А еще у Псоя иногда в песнях звучат «разные слова». Те самые — «…», «…», «…» — не совсем цензурные. Сам Псой советует на это не обращать особого внимания. «Также устраиваю себе долгие моратории на ненормативную лексику, — пишет он мне, — в песне и перформансе, иногда по полгода, когда чувствую, что «не сезон». Мат меня не интересует, у меня просто «в песнях бывают разные слова». Подлинных ревнителей, однако, эта оговорка не впечатляет. «Псой — верующий? Так он же матерится!» — возразил мне отец, которому я рассказал о том, что скоро в Киев приезжает Псой и что этот самый Псой является нашим с папой единоверцем, то есть православным христианином.
Что ж, согласен, «обыкновенные», «нормативные» и «канонические» верующие матом не ругаются. Тем более публично. Более того, как я могу предположить, они даже не устанавливают на ненормативную лексику долгих мораториев. Но штука в том, что Псой — необыкновенный, ненормативный и неканонический. «Современный скоморох» — пишет о нем Википедия. И, полагаю, не ошибается, поскольку нечто от скомороха (и даже юродивого) в Псое действительно есть.
Хотя воспитанные на классическом культурном каноне верующие могут принять его за «матерщинника» и даже «кощунника», Псой — этакий путешествующий по миру с гармохой скоморох. О таких как он Лихачев писал: «Авторы притворяются дураками, «валяют дурака», делают нелепости и прикидываются непонимающими. На самом же деле они чувствуют себя умными, дураками же только изображают себя, чтобы быть свободными в смехе».
«Матерщинник» Псой при ближайшем рассмотрении оказывается ученым-филологом. Темой своей кандидатской диссертации Павел Эдуардович Лион (настоящее имя Псоя) избрал русского писателя В.Г. Короленко. В письме последнего к брату есть строки, где он иронизирует над обычаем называть детей по святцам: «Ты — Илларион, отец — Галактион.
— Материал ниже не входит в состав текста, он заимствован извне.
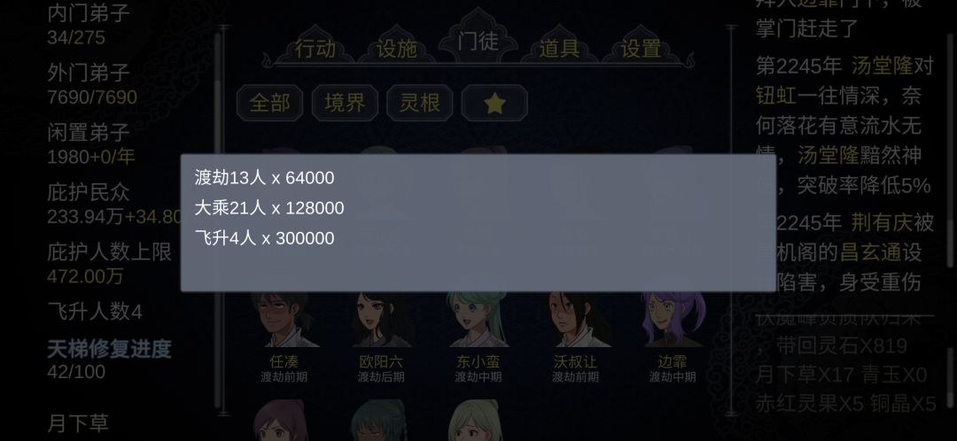 第二、弟子不让结婚(因为结婚后生的孩子灵根控制不了随机的),可以收徒弟,但是收徒弟的时候一定要点击名字查看一下灵根

Родись я в День святого Псоя — быть мне бы Псоем Короленко». Вот откуда взялся псевдоним Псой Короленко. Учитывая юродивую натуру Псоя, можно предположить, что его научные изыскания в сфере короленковедения будут продолжены, и для докторской диссертации П.А.Лион изберет творчество уже другого Короленко: Псоя Галактионовича. Написал же, в конце концов, святой праведный
о. Алексей Мечев «надгробное слово» о самом себе. Так почему бы господину Лиону не последовать этому благочестивому примеру и, оправдывая репутацию юрода, написать солидную научную монографию, где имя Псоя Короленко будет употребляться в третьем грамматическом лице.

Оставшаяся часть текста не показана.